**TASK TO CARRY OUT**
Omit all pictures. Reproduce exactly the lines from the first line of the records below through the line with "Vďaka Wi-Fi technológii".

(Data excerpts)
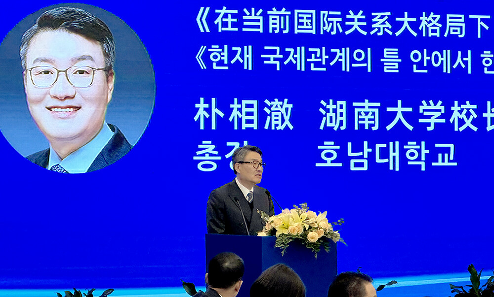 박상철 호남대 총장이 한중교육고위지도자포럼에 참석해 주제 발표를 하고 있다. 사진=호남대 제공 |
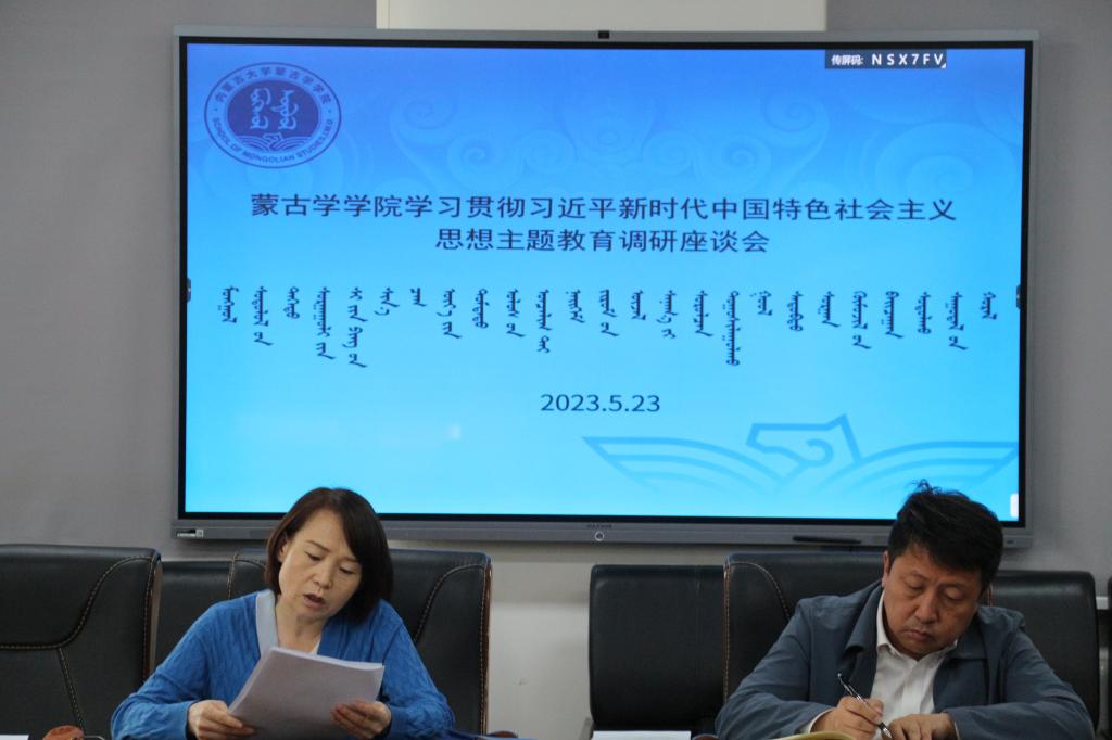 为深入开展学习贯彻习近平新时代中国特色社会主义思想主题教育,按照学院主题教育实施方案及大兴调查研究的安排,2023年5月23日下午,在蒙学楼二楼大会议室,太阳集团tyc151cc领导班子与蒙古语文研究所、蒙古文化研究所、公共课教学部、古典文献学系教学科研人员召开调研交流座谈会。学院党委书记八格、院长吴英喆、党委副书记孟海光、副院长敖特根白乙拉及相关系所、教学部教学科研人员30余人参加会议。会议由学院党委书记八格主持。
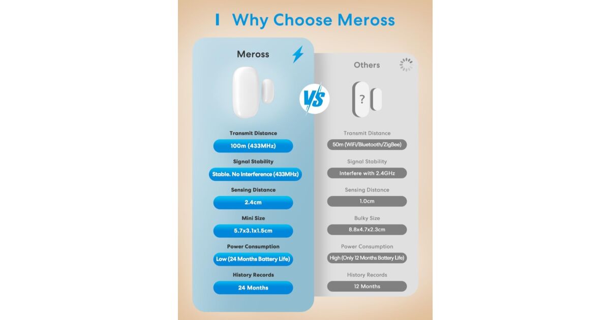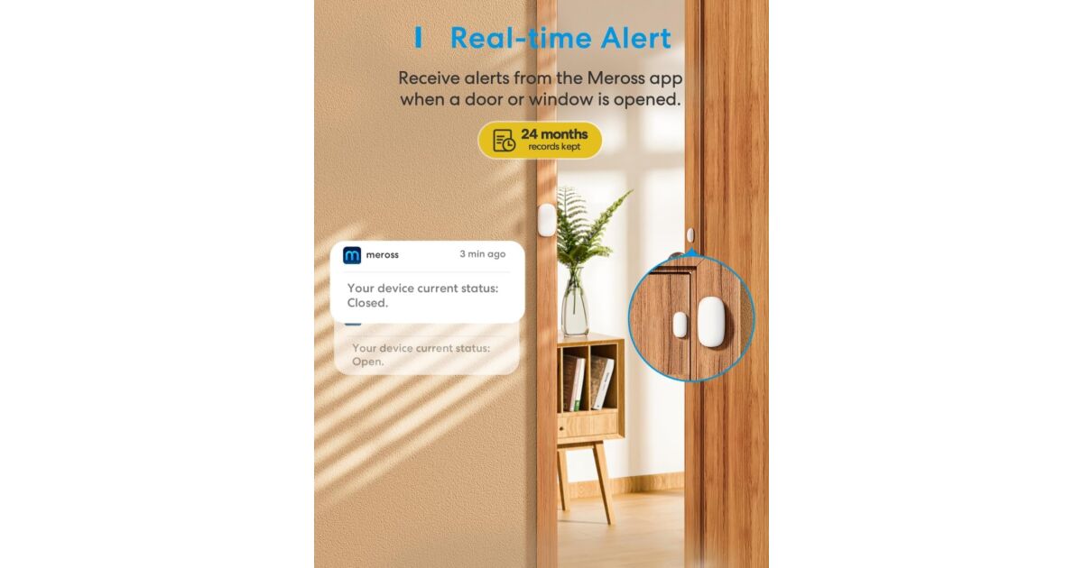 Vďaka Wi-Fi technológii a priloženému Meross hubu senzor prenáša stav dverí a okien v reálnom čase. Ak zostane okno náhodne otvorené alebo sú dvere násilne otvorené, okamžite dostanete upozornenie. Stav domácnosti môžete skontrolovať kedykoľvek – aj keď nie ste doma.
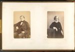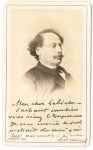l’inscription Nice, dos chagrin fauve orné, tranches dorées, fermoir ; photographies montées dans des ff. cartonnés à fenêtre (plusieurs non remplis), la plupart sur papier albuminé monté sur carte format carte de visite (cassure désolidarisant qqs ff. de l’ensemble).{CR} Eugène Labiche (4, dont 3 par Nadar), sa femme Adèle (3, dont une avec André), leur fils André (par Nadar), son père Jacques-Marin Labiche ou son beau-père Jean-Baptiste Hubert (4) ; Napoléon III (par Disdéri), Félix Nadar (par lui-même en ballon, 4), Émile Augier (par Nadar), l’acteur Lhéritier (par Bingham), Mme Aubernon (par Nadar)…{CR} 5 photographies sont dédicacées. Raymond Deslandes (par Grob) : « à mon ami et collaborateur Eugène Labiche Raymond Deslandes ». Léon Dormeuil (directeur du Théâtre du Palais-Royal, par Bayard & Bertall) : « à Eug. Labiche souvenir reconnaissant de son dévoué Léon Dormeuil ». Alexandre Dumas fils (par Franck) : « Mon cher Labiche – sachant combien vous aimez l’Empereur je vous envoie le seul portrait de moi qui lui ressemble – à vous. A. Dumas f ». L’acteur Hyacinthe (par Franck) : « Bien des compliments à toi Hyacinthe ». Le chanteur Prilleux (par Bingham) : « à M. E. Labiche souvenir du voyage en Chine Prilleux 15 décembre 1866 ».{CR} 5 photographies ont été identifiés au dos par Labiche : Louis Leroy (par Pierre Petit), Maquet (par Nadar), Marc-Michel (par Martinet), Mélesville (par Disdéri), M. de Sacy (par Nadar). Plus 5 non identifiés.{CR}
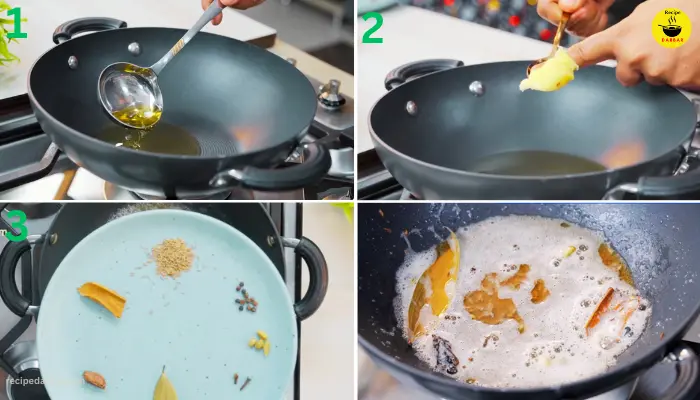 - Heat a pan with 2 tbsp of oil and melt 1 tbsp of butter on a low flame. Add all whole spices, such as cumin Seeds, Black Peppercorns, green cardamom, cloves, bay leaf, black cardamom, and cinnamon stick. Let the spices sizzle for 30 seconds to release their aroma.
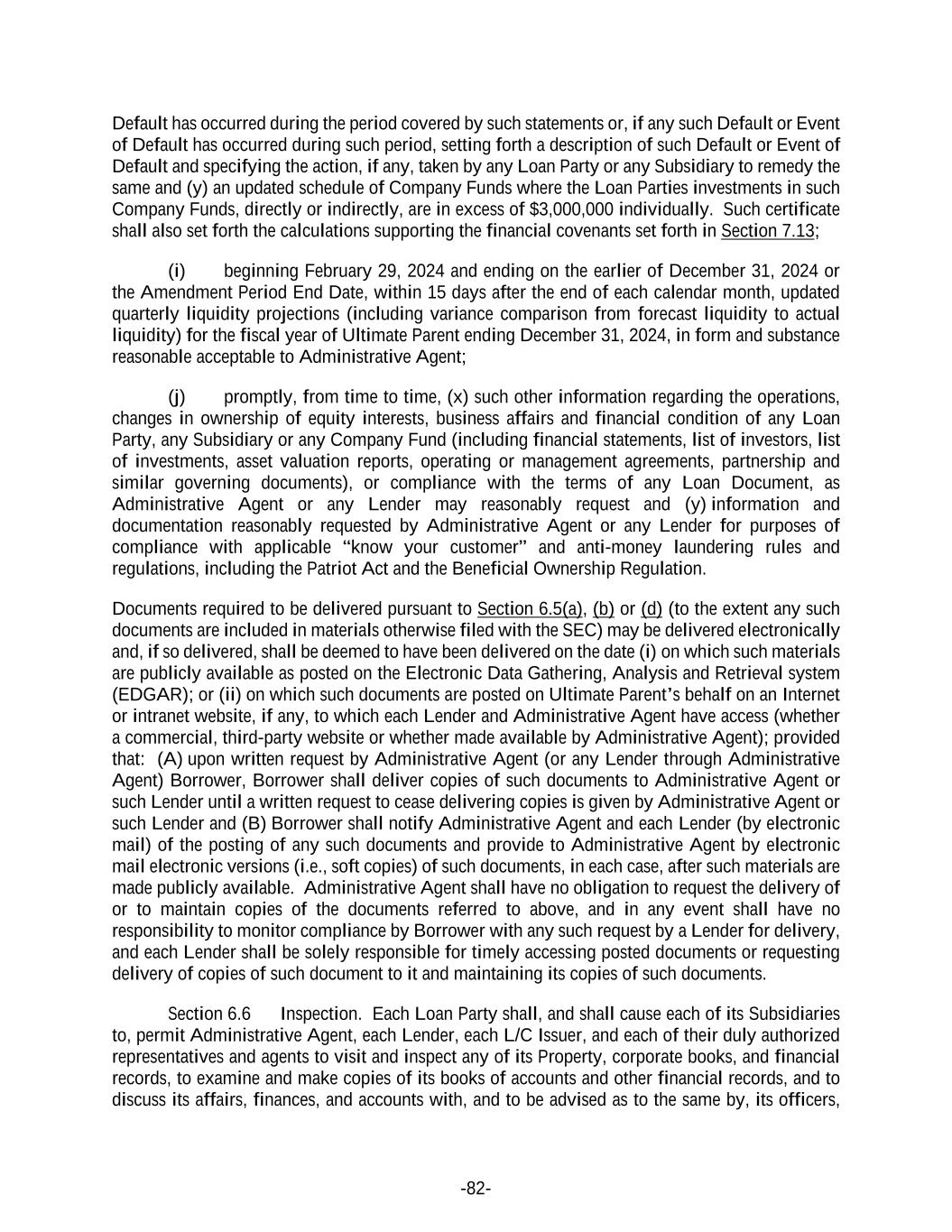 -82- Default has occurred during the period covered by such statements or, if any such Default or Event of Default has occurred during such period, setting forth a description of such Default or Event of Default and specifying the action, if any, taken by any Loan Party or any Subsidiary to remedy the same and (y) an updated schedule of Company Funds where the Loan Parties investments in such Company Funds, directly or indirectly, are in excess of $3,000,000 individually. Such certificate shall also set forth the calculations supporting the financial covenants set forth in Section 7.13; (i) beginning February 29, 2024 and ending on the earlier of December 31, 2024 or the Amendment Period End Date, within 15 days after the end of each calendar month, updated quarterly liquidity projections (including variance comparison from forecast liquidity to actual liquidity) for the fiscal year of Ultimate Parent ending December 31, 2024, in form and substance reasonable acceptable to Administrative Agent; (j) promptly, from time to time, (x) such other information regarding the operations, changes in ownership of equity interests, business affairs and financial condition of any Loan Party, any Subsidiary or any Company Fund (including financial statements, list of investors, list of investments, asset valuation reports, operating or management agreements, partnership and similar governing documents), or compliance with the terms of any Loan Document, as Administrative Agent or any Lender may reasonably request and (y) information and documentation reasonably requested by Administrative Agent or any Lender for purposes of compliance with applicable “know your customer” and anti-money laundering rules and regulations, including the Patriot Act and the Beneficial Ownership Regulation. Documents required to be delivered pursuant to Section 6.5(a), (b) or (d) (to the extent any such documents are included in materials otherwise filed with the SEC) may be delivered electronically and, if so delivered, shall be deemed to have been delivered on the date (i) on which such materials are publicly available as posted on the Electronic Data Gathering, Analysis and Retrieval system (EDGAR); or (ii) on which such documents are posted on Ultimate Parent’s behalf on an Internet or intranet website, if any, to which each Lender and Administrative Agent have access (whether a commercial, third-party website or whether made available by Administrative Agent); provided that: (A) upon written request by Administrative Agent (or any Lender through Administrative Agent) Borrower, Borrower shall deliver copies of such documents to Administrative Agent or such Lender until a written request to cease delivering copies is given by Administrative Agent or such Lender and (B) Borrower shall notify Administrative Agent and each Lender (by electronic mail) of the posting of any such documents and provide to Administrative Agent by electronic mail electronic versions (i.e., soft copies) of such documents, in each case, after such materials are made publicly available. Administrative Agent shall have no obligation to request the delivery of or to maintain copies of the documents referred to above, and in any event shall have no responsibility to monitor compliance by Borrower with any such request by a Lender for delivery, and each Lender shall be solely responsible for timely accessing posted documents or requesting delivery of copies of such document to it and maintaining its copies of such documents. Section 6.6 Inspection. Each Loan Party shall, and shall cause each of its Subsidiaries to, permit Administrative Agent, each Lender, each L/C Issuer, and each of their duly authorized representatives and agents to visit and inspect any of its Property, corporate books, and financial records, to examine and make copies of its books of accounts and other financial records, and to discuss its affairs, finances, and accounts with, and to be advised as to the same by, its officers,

**COMPLETED TASK**
 박상철 호남대 총장이 한중교육고위지도자포럼에 참석해 주제 발표를 하고 있다. 사진=호남대 제공 |
 为深入开展学习贯彻习近平新时代中国特色社会主义思想主题教育,按照学院主题教育实施方案及大兴调查研究的安排,2023年5月23日下午,在蒙学楼二楼大会议室,太阳集团tyc151cc领导班子与蒙古语文研究所、蒙古文化研究所、公共课教学部、古典文献学系教学科研人员召开调研交流座谈会。学院党委书记八格、院长吴英喆、党委副书记孟海光、副院长敖特根白乙拉及相关系所、教学部教学科研人员30余人参加会议。会议由学院党委书记八格主持。
 Vďaka Wi-Fi technológii a priloženému Meross hubu senzor prenáša stav dverí a okien v reálnom čase. Ak zostane okno náhodne otvorené alebo sú dvere násilne otvorené, okamžite dostanete upozornenie. Stav domácnosti môžete skontrolovať kedykoľvek – aj keď nie ste doma.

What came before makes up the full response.